Good luck and look after yourselves during the (hopefully not too stressful) move.


----------



## dxqcanada (Dec 2, 2020)

Ah, Pet and the Ottawa River!! Your going to need a canoe.
Hmm, means that Jr. will be closer to Algonquin.


----------



## zombiesniper (Dec 2, 2020)

Thank you.



ronlane said:


> So you are trying it out and seeing how long it takes you to start glowing before bringing JR and the rest of the family in.



As long as I'm not the Canadian Homer Simpson we'll be alright.


----------



## zombiesniper (Dec 2, 2020)

dxqcanada said:


> Ah, Pet and the Ottawa River!! Your going to need a canoe.
> Hmm, means that Jr. will be closer to Algonquin.

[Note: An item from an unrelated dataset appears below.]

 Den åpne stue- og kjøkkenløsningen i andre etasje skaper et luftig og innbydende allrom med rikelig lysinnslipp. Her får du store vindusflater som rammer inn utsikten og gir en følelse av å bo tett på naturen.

Yup nice and close. I want an 8 wheeled Argo.


----------



## dxqcanada (Dec 2, 2020)

Achray and the Barron Canyon in Algonquin !!!
Ah, great memories ...


----------



## dxqcanada (Dec 2, 2020)




----------



## SquarePeg (Dec 2, 2020)

Sounds like great news, congratulations!  Good luck with the move.  

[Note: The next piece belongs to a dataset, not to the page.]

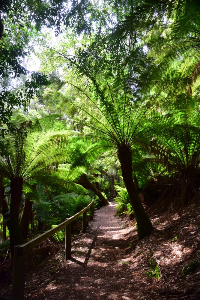 The track wove its way up and down through forests of tall eucalypts and ancient tree ferns, their litter of shed leaves and fallen fronds making this steep track deliciously soft underfoot. The fronds of the many ferns hanging above shone with golden auroras of light from the setting sun. I was simultaneously tired in one sense but refreshed in another; it is strange how two such contrary feelings can exist side by side. Now, the walk meets a steep uphill section, then turns beginning a gentle downhill meander that seemed to be take me near the beach, so close I felt I was about to arrive, then it drifted away, time and time again this happened before finally I arrived at the beach.
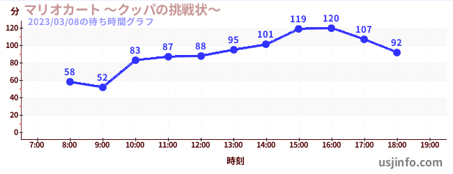 • マリオカート ~クッパの挑戦状~$B$N(B2023年03月08日の待ち時間

I’m not familiar with the geography up there - will you be close to sone new scenic areas?  What about wildlife?


----------



## Dean_Gretsch (Dec 3, 2020)

Congrats on the new job. I hope everyone will be happy and we see you back in form on here soon.


----------



## zombiesniper (Dec 3, 2020)

Thank you.



SquarePeg said:


> I’m not familiar with the geography up there - will you be close to sone new scenic areas? What about wildlife?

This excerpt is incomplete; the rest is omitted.